MATERIAL FOR THE TASK:
Segment Open
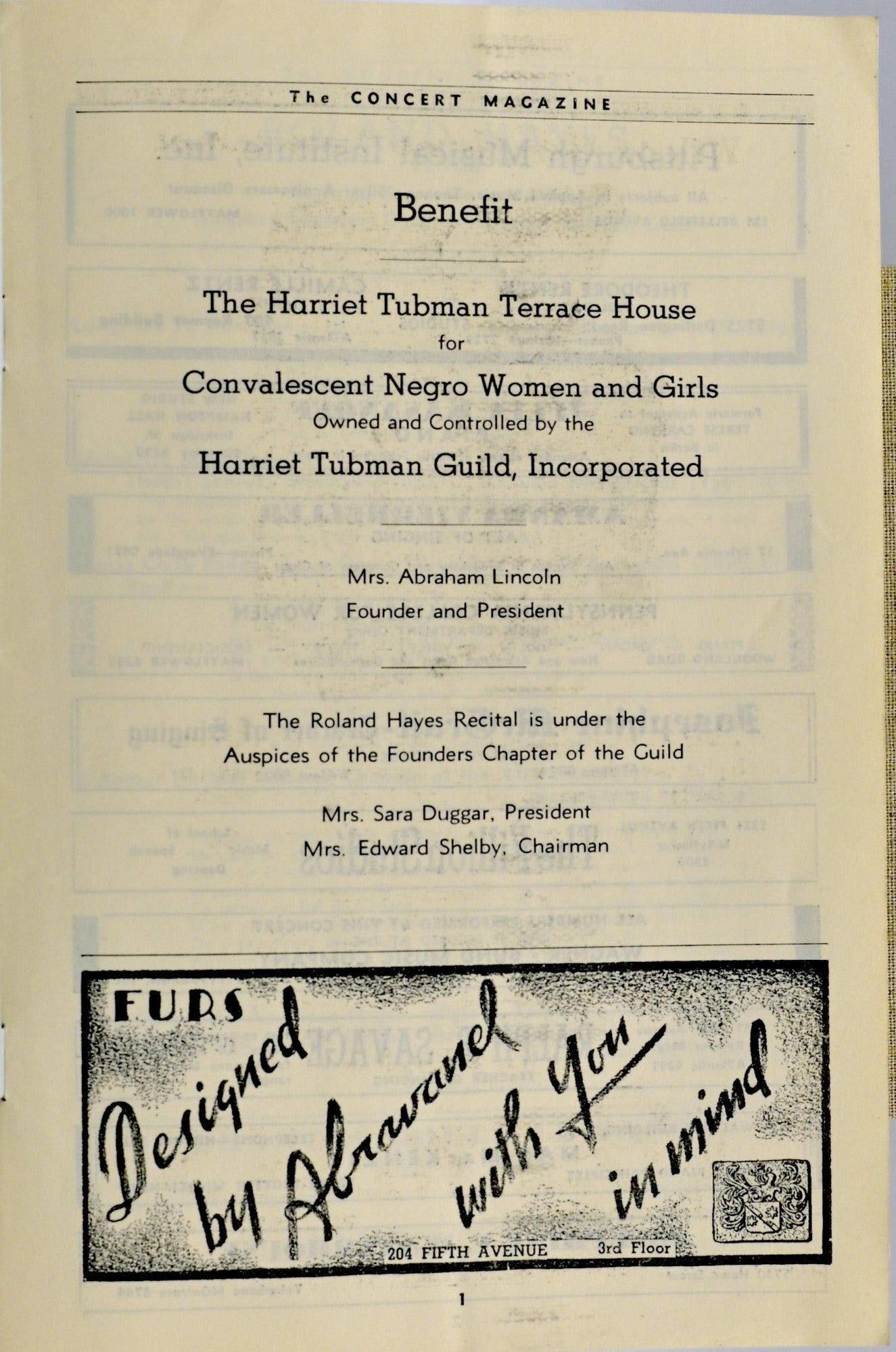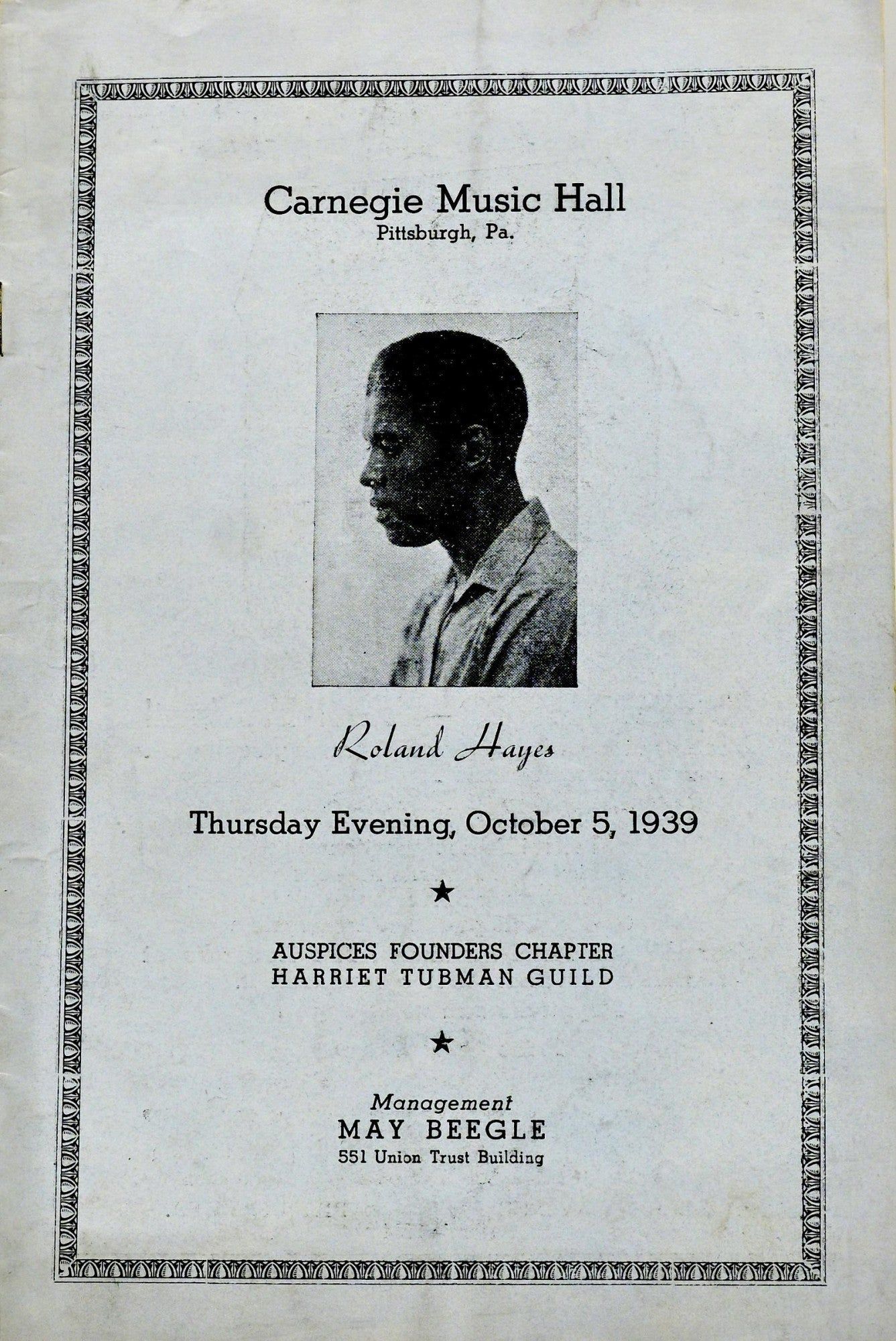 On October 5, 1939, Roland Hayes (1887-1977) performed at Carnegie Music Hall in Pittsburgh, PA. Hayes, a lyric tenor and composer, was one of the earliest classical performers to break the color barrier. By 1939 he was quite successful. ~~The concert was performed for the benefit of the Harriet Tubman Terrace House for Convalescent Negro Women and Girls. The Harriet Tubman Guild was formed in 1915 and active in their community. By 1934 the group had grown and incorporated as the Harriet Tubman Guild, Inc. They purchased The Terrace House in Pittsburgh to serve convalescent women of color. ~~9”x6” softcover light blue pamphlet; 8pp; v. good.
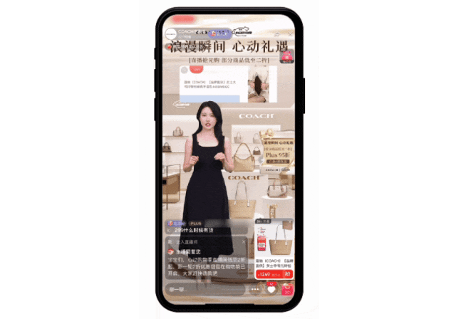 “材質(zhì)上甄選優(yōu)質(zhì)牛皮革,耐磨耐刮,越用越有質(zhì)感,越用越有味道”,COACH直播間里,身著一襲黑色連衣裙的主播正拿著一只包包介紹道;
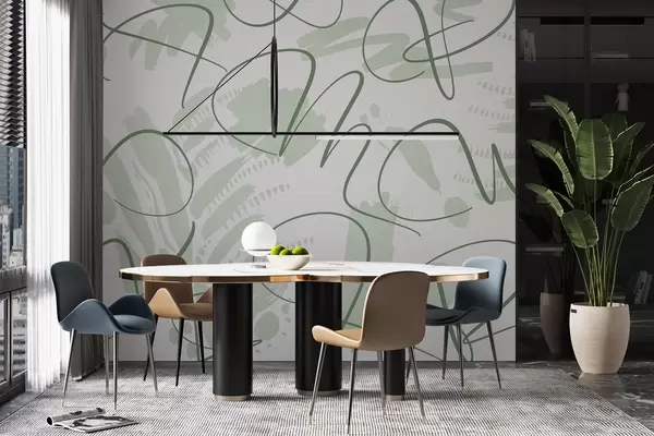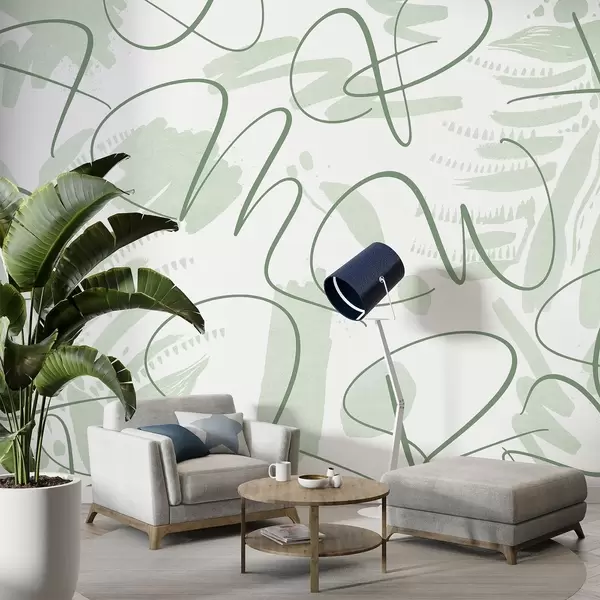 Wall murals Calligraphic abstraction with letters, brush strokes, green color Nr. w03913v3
Segment Closed
Segment Open
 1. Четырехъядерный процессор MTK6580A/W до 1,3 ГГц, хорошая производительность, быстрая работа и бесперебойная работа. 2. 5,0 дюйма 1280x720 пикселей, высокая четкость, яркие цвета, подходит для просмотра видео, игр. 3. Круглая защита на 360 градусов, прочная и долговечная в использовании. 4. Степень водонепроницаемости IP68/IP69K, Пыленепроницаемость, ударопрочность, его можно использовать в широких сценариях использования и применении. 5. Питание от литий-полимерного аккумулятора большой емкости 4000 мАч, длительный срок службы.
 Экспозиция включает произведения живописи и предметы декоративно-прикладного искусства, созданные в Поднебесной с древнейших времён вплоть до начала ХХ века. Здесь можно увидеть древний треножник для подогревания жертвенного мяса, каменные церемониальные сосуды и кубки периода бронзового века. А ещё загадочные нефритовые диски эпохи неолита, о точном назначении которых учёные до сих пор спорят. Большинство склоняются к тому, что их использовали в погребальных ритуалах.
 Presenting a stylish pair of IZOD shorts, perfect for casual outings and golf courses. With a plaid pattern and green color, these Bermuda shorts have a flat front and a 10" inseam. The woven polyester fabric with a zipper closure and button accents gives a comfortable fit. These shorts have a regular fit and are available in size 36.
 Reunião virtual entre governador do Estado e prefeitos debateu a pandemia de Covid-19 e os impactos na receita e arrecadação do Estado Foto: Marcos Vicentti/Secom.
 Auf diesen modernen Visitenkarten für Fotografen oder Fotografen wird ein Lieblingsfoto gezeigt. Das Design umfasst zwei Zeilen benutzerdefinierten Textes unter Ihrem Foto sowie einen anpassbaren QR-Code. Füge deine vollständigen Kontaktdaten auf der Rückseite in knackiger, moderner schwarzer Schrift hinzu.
Segment Closed
Segment Open
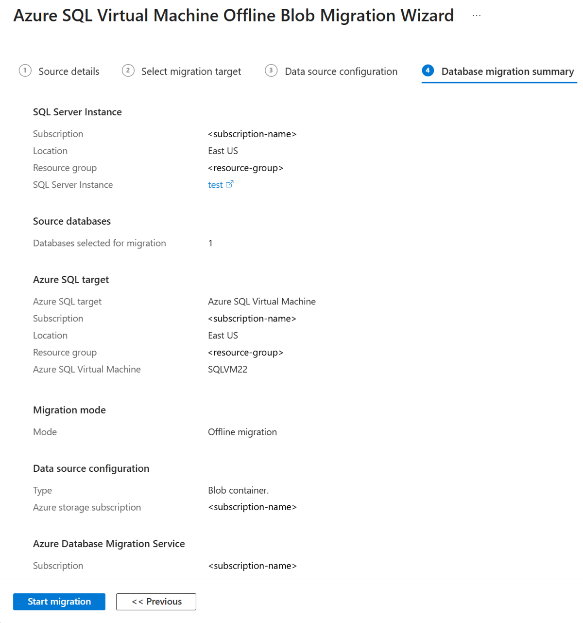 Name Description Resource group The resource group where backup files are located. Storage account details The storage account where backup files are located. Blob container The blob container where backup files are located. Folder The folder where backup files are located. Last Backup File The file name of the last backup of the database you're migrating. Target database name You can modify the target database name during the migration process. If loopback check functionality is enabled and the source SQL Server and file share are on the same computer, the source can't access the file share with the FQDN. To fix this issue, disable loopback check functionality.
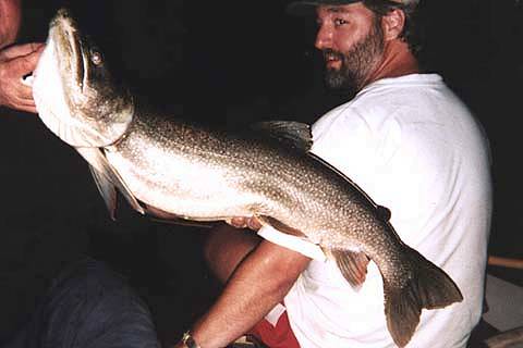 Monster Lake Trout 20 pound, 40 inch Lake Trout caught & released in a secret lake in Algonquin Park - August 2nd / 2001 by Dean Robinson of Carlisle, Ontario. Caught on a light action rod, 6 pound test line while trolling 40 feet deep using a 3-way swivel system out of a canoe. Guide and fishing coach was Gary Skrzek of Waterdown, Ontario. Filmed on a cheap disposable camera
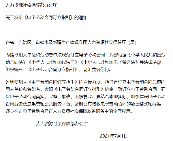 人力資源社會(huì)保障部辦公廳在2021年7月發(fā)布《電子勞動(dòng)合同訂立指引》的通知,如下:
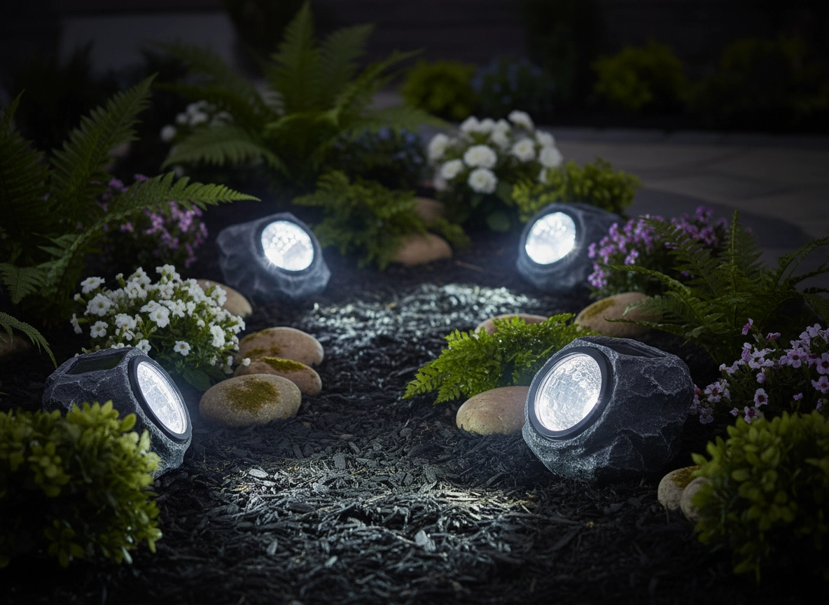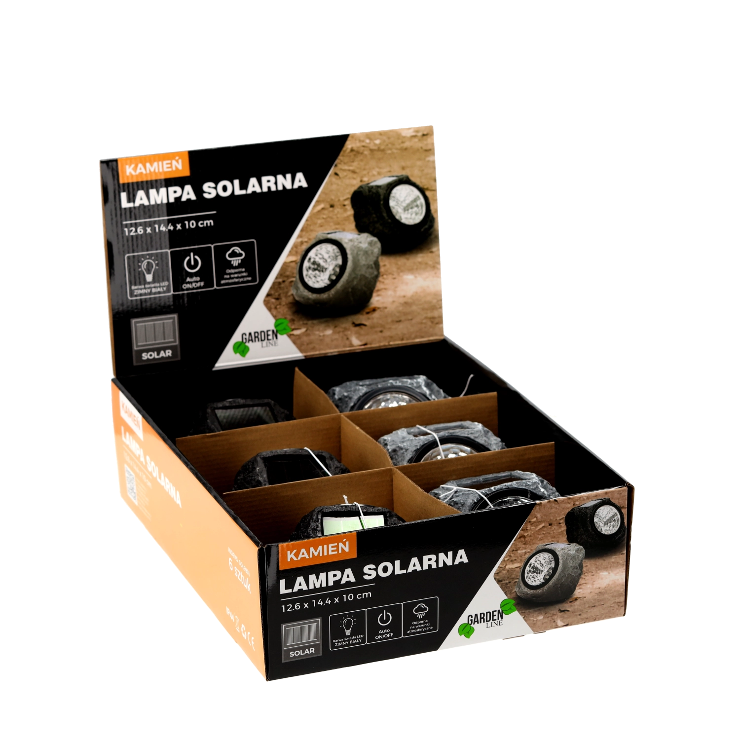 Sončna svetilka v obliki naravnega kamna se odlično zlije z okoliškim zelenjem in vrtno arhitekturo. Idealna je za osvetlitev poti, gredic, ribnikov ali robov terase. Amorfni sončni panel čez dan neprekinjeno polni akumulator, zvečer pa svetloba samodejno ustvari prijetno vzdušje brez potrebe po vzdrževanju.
Segment Closed
The lines holding the word "Foto" are the answer. Find them in the entries and copy them.

 Reunião virtual entre governador do Estado e prefeitos debateu a pandemia de Covid-19 e os impactos na receita e arrecadação do Estado Foto: Marcos Vicentti/Secom.
 Auf diesen modernen Visitenkarten für Fotografen oder Fotografen wird ein Lieblingsfoto gezeigt. Das Design umfasst zwei Zeilen benutzerdefinierten Textes unter Ihrem Foto sowie einen anpassbaren QR-Code. Füge deine vollständigen Kontaktdaten auf der Rückseite in knackiger, moderner schwarzer Schrift hinzu.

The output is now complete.